| 研究概要 |
SDラットからの初代培養細胞を用いたロテノン神経障害およびアストログリアの関与
SDラット中脳神経細胞と中脳アストログリアの共培養系および中脳神経細胞と線条体アストログリアの共培養系に,それぞれロテノンを曝露し,アストログリアのマーカーであるGFAPで染色した.線条体アストログリアはロテノンの濃度依存的にGFAP陽性シグナルの増強がみられるのに対し,中脳アストログリアではロテノン曝露によるGFAP陽性シグナルの増強は認められず,むしろ減少傾向があった、線条体アストログリアあるいは中脳アストログリアの単独培養系にロテノンを24時間曝露すると,線条体アストログリアでは細胞外グルタチオン量の増加がみられたが,中脳アストログリアでは細胞外グルタチオン量に変化はみられなかった.また,ロテノン曝露6時間後のミトコンドリアの活性をMito Trackerで検討したところ,線条体アストログリアではロテノン曝露により,Mito Trackerのシグナル増強がみられたが,中脳アストログリアではむしろ減少傾向がみられた.さらに,ロテノンを曝露した線条体アストログリアあるいは中脳アストログリアの培養液を中脳神経細胞単独培養系に添加したところ,ロテノン曝露線条体アストログリアからの培養液添加ではチロシン水酸化酵素(TH)陽性細胞数に変化はみられなかたが,ロテノン曝露中脳アストログリアの培養液添加ではTH陽性ドパミン神経細胞数が有意に減少した.

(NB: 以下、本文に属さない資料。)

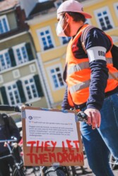 Um dennoch Flagge zu zeigen, riefen wir dazu auf, Bilder von einem Paar Schuhe zu posten, die gerne mit bei der Demo gewesen wären – beschriftet/dekoriert mit #leavenoonebehind und sonstigen Sprüchen, Schildern, Bannern, Bildern oder Plakaten, die die Meinung zur Situation ausdrückten. Die Bilder wurden auf Facebook, Twitter und Instagram gepostet, ein paar Eindrücke findet Ihr hier:

メタロチオネインノックアウトマウスからの初代培養細胞を用いたロテノン神経障害およびアストログリアの関与
メタロチオネインノックアウトマウス(129S7/SvEvBrd-Mt1tm1Bri Mt2tmlBri)からの中脳神経細胞単独培養系,中脳神経細胞と中脳アストログリアの共培養系および中脳神経細胞と線条体アストログリアの共培養系に,それぞれロテノンを曝露した.中脳神経細胞単独培養系では,高濃度ロテノン曝露によりTH陽性ドパミン神経細胞数の減少がみられたが,低濃度ロテノン曝露では変化がみられなかった.一方,中脳神経細胞と線条体アストログリアあるいは中脳神経細胞と中脳アストログリアの共培養系では低濃度ロテノン曝露であっても有意なTH陽性ドパミン神経細胞数の減少がみられた.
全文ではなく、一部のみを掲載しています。